Are both your children girls? When my Otto was a pup, my daughter was 3. Jackie has a twin brother and an older brother. Jackie was a natural at playing the dramatic 'I'm not playing with you ANYMORE' turn back and storming off. My Otto stopped biting her before either of the boys...


----------



## AndreaLS687 (Feb 22, 2014)

SunCzarina said:


> Shaming takes a while with a hard headed dog - it goes like this scold and shun for 5 minutes at his age. When he's older, you might need to rant on how BAD he is. My Otto never wants me to tell him 'BAD!' because it usually involves my ranting on for 5 minutes about how bad is. He's never bad anymore, just a little obnoxious and bossy. Naughty Otti.
> 
> I totally get the x-military handler mentality. My sister's married to one of those. I don't even like to be around their snarky little Jack Russells, they're not stable dogs. My sister used to post all these pictures of them as puppies 'oh so cute' little dog with that 'I want to take your face off' look. Not cute.
> 
> Are both your children girls? When my Otto was a pup, my daughter was 3. Jackie has a twin brother and an older brother. Jackie was a natural at playing the dramatic 'I'm not playing with you ANYMORE' turn back and storming off. My Otto stopped biting her before either of the boys...

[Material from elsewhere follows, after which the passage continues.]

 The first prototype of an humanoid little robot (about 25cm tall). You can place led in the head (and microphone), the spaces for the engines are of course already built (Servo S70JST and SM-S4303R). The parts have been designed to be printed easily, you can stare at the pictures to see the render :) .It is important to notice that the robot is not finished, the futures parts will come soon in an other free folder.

My oldest is a girl and my youngest is a boy. My oldest likes to run away when otto nips at her feet. I constantly am telling her not to run because he thinks she's playing. That or her toes are really tasty...

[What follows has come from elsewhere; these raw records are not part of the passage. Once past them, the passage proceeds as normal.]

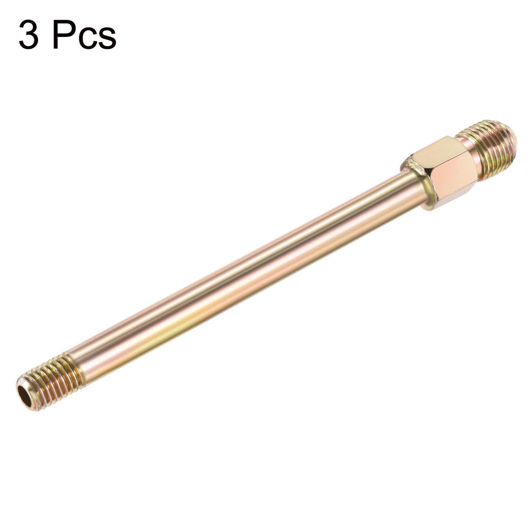 What will I get? The extension pipe fitting, we provide here, are in the size of: Material: Iron Thread Size: 9/16"-18 UNF Male to M10 Male Threading distance: 1.5mm / 0.06 inch Size: 200 x 14mm / 7.87 x 0.55 inch (L*W) In the package of: 1 Pack x Pipe Fitting
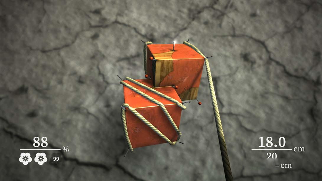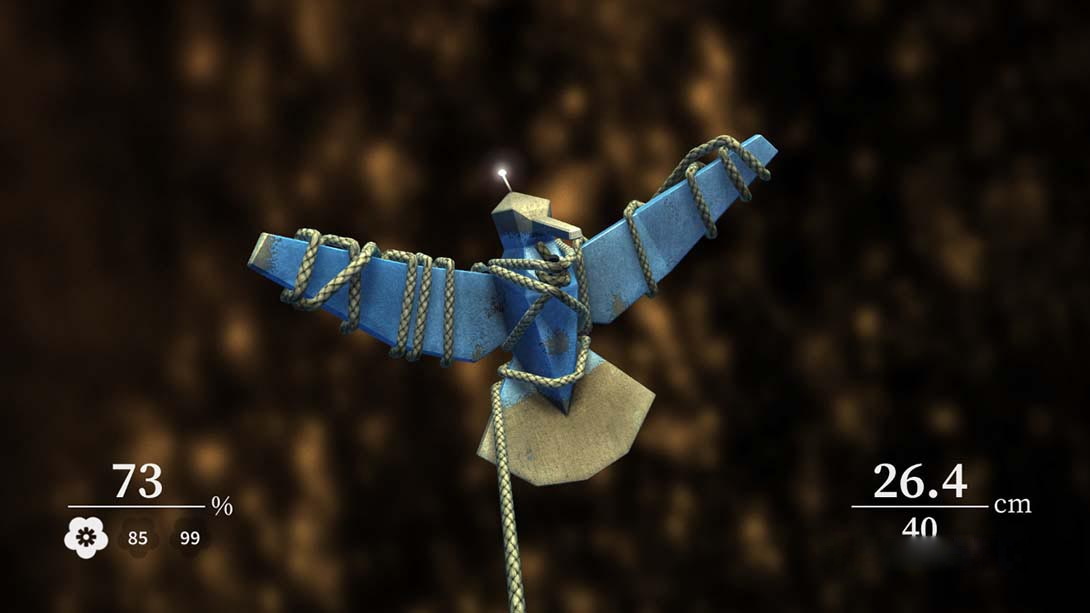 游戏的目标是用绳子把木雕缠绕起来,给它们上色。你可以像旋转屏幕上的雕塑一样旋转手中的Joy-Con来完成这一任务——一个简单的任务却有着惊人的复杂性。
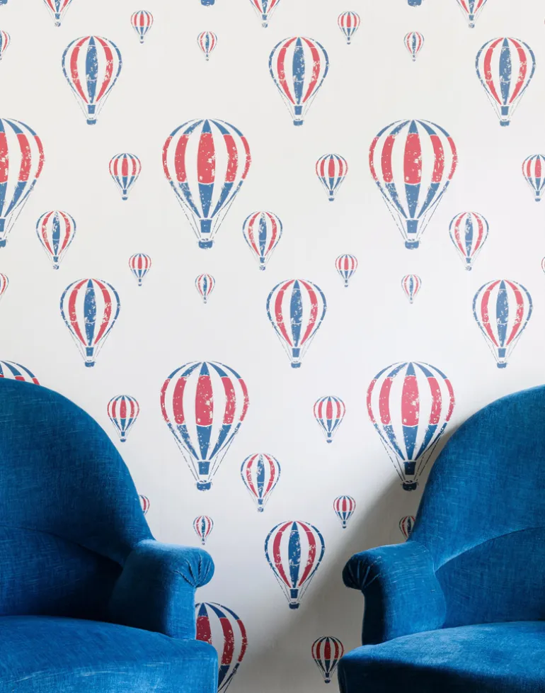 Sometimes it’s lovely to have your head in the clouds, to dream, and let your imagination run. After all, we need a bit of escapism now and then. Our Hot Air Balloon wallpaper has a painterly feel to the touch thanks to the surface print technique we love to use, and is available in two colors – midnight sky, or red/white/blue. Up, up and away!

Sent from Petguide.com Free App


----------



## ZoeD1217 (Feb 7, 2014)

Well I'm still feeling your pain  and I still have no great advice. I make the kids wear sneakers and jeans outside where Zoe gets the most worked up. My youngest is quite fearless and has no issues telling Zoe NO and calmly walking away. My 5 yr old is the worst with screaming and running. I never leave those 2 alone with her for even a second but it's still frustrating. The older 3 she nips and jumps and they know to redirect and if that doesn't work they walk away. I have to stay on top of them always that there is NO allowing her to bite no matter how much they want to pet her. If she bites after they have given her a toy or chew the must cut her off. 
She still bites me like it's her job. I'm quite convinced she hates me. Lol. 

Sent from Petguide.com Free App


----------



## SunCzarina (Nov 24, 2000)

If she's giggling and running away, that needs to stop. Dramatic over the top little girl shrieking works. 

Your boy, I've got nothing beyond stuff a boodah tug in their hand. My older boy thinks he should stick his arm out like a bite sleeve at my 14 month old when she jumps to kiss him. The other one is often heard laughing 'Venus, my feet are not tasty!' I tell him to change his socks more often. The dog will mature faster.


----------



## Susan_GSD_mom (Jan 7, 2014)

Baillif said:


> Its 11 weeks old


LOL! That's the first thing that hit me, too!


----------